Those of us who actually work in industry and are involved in large engineering projects of the type the stimulus was designed to ‘stimulate’ could have told you this without waiting for a study. We tried to. No one was listening.

It is maddening to hear ‘workers’ talked about as if they are interchangeable – Oh, a whole bunch of home construction workers have been layed off? Don’t worry, we’ll build a road or a bridge and employ them!” The only problem being that the type of construction home builders are trained for has nothing to do with bridges. Perhaps people like those in the Obama administration lack the appreciation for the real complexity of these jobs and assume that any blue collar work is trivial and interchangeable with a little retraining, but it’s not the case.

Not only that, but the people who can *start a project are very different than the people needed to bring it to completion, and in general the people needed at the beginning of a project are the least likely to be unemployed. In fact, even in a recession there is a shortage of such people. So it was predictable as rain that new stimulus projects would have to scavenge project leaders, architects, managers, and senior engineers from other existing projects that may have more value. It was absolutely, 100% unavoidable.

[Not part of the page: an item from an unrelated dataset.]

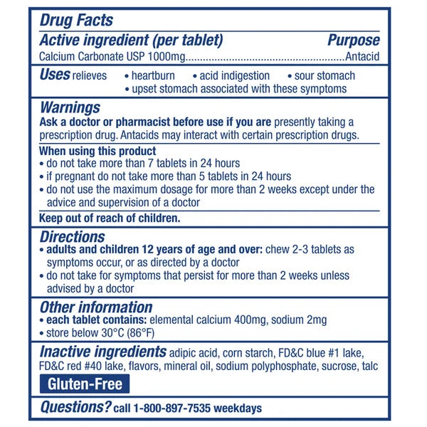 TUMS Antacid Ultra Strength chewable tablets provide fast-acting relief from heartburn, acid indigestion, and sour stomach. Each tablet contains 1000 mg of calcium carbonate, which neutralizes excess stomach acid on contact. The tablets come in assorted berry flavors and are gluten-free. With 265 tablets per bottle, it's a convenient option for regular use at home or on the go.

Not only that, but it is incredibly destructive: Pulling a manager from an existing project can cause damages far exceeding the salary of that person. If a project manager or architect is enticed away from a project that has a $100,000 per day development cost, and his leaving causes a month of delays while a new manager is found and brought up to speed, that’s a cost that will never show up in the stimulus accounting – but his $150,000 job will be counted as a ‘job created’. No one will know that in addition to the stimulus money used to hire him, the real cost of that job was an additional $3 million dollars. I’ve never seen a single Keynesian model take that kind of destruction of existing projects into account or try to quantify the effect. You’d think this might be important to consider – especially in an era where specialization is so important, where even low-level positions require specialized training.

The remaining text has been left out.